Given data
******

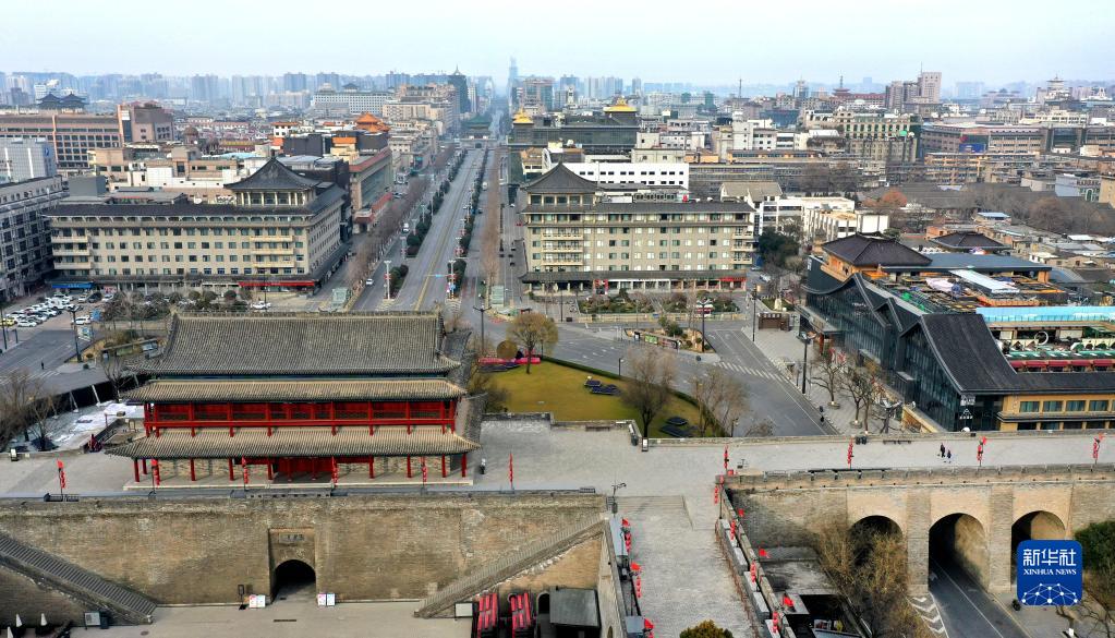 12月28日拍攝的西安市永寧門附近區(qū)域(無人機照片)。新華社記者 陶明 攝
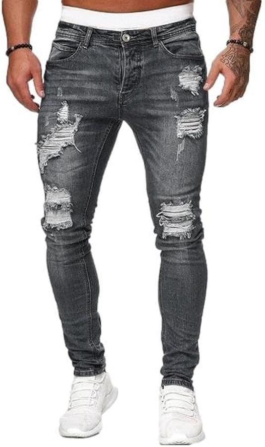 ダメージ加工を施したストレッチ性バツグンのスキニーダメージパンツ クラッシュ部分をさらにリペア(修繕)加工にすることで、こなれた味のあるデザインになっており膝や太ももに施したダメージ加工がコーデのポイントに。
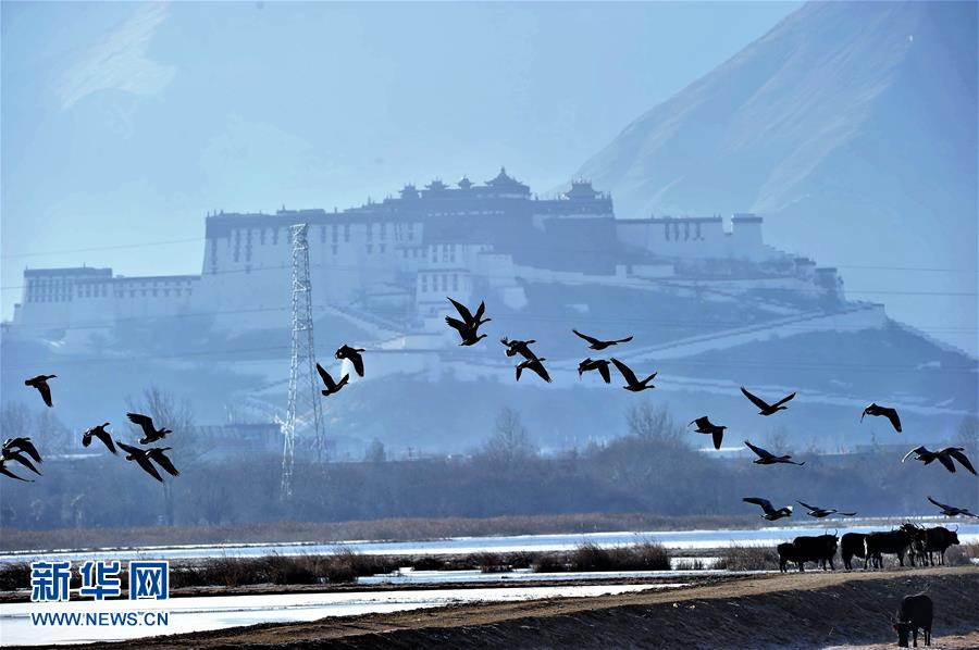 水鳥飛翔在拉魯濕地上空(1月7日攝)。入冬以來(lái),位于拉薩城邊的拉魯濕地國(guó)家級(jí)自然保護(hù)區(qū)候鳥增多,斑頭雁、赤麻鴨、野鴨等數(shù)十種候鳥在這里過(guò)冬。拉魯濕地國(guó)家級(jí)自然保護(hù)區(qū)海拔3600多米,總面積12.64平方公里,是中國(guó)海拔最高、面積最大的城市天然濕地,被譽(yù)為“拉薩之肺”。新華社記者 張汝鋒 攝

******

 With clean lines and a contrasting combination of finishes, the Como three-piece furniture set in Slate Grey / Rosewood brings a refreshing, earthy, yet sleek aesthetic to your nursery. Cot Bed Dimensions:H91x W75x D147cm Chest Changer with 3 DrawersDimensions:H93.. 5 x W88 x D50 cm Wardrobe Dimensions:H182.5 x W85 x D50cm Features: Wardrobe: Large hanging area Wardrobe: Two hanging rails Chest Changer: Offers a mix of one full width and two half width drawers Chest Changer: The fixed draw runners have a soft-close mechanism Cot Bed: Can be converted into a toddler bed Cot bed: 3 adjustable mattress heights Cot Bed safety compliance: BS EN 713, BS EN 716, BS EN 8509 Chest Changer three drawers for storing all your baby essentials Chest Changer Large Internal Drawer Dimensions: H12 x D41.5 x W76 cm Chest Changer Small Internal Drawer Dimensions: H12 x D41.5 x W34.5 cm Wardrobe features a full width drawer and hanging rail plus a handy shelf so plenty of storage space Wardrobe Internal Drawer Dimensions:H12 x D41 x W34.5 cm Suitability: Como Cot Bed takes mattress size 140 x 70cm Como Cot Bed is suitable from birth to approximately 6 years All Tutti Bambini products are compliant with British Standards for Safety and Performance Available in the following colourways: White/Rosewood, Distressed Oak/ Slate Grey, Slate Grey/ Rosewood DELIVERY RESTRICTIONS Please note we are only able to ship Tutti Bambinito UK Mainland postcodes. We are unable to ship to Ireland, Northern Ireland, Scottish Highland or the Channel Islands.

******

Problem details
What's needed is an exact copy of the lines above from the one with "12月28日拍攝的西安市永寧門附近區(qū)域(無人機照片)。新華社記者 陶明 攝" through the one with "ダメージ加工を施したストレッ", both included; the pictures stay out.

Written solution
 12月28日拍攝的西安市永寧門附近區(qū)域(無人機照片)。新華社記者 陶明 攝
 ダメージ加工を施したストレッチ性バツグンのスキニーダメージパンツ クラッシュ部分をさらにリペア(修繕)加工にすることで、こなれた味のあるデザインになっており膝や太ももに施したダメージ加工がコーデのポイントに。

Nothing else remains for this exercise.